● **Records supplied**
⁂

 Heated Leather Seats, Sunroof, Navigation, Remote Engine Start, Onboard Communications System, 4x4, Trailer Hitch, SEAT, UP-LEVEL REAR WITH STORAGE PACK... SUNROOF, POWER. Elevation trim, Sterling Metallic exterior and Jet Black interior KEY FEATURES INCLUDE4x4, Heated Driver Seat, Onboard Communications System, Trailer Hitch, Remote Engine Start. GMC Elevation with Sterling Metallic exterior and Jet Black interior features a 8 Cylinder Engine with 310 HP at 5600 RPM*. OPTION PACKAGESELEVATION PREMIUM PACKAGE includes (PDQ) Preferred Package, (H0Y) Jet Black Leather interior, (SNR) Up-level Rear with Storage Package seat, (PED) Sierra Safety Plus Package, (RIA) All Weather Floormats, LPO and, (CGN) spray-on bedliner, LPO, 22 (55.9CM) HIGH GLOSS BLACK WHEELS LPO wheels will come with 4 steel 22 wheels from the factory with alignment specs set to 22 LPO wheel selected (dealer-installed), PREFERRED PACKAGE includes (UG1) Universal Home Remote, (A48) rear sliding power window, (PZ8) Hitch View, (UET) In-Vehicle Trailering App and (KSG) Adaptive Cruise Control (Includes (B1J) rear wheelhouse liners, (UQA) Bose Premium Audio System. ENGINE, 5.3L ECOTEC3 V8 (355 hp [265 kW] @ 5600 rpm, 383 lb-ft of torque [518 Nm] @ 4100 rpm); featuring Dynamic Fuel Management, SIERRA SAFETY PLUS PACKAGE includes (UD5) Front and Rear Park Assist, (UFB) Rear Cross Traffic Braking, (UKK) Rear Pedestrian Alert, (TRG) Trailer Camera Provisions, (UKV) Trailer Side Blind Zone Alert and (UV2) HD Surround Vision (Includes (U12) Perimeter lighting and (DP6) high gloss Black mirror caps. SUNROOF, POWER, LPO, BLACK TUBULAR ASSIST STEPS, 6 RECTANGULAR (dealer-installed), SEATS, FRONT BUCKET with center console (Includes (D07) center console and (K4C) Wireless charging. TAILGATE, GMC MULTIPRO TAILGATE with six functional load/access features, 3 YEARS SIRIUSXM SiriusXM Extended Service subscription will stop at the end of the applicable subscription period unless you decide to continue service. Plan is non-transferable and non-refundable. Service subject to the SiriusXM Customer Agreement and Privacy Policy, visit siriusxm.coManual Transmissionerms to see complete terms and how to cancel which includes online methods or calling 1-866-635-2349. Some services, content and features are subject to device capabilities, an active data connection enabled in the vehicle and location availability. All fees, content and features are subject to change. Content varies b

⁂

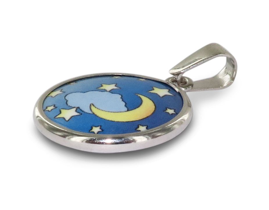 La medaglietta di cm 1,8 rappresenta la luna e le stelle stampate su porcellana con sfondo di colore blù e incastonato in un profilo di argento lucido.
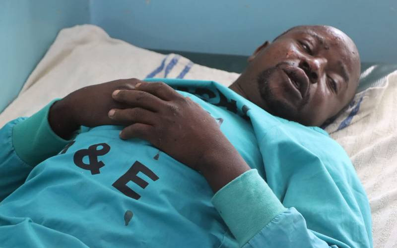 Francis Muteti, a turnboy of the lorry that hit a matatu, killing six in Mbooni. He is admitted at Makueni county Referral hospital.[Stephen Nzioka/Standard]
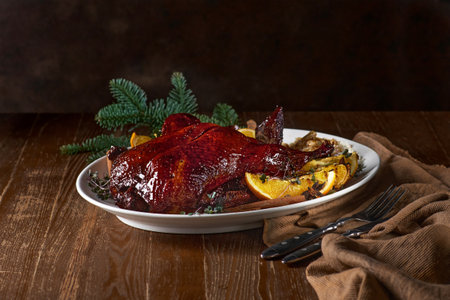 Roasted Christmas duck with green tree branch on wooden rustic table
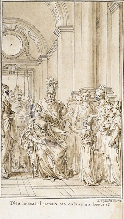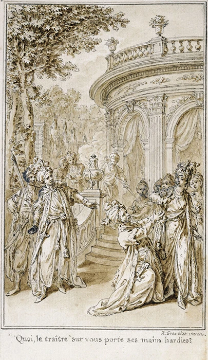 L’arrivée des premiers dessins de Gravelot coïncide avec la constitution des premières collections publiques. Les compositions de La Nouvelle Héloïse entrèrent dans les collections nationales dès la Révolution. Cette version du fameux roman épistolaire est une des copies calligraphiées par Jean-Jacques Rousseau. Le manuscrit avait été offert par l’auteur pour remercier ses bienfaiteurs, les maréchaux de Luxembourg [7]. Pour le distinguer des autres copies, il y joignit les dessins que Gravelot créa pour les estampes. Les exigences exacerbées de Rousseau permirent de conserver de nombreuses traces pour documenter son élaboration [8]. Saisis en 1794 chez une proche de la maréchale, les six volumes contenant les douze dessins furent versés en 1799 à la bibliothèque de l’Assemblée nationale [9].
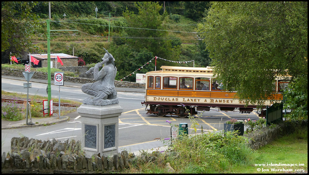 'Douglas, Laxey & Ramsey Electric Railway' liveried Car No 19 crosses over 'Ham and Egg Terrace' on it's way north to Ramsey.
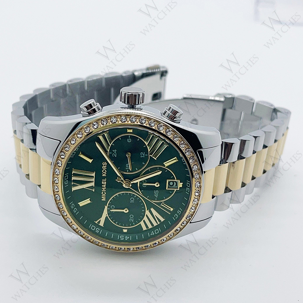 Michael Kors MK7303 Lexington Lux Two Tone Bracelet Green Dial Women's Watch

⁂

● **What is expected**
Using the data above, retype exactly the lines from the line with "Roasted Christmas duck" to the line with "Michael Kors MK7303", inclusive. No pictures and nothing else.

● **Your solution**
 Roasted Christmas duck with green tree branch on wooden rustic table
 L’arrivée des premiers dessins de Gravelot coïncide avec la constitution des premières collections publiques. Les compositions de La Nouvelle Héloïse entrèrent dans les collections nationales dès la Révolution. Cette version du fameux roman épistolaire est une des copies calligraphiées par Jean-Jacques Rousseau. Le manuscrit avait été offert par l’auteur pour remercier ses bienfaiteurs, les maréchaux de Luxembourg [7]. Pour le distinguer des autres copies, il y joignit les dessins que Gravelot créa pour les estampes. Les exigences exacerbées de Rousseau permirent de conserver de nombreuses traces pour documenter son élaboration [8]. Saisis en 1794 chez une proche de la maréchale, les six volumes contenant les douze dessins furent versés en 1799 à la bibliothèque de l’Assemblée nationale [9].
 'Douglas, Laxey & Ramsey Electric Railway' liveried Car No 19 crosses over 'Ham and Egg Terrace' on it's way north to Ramsey.
 Michael Kors MK7303 Lexington Lux Two Tone Bracelet Green Dial Women's Watch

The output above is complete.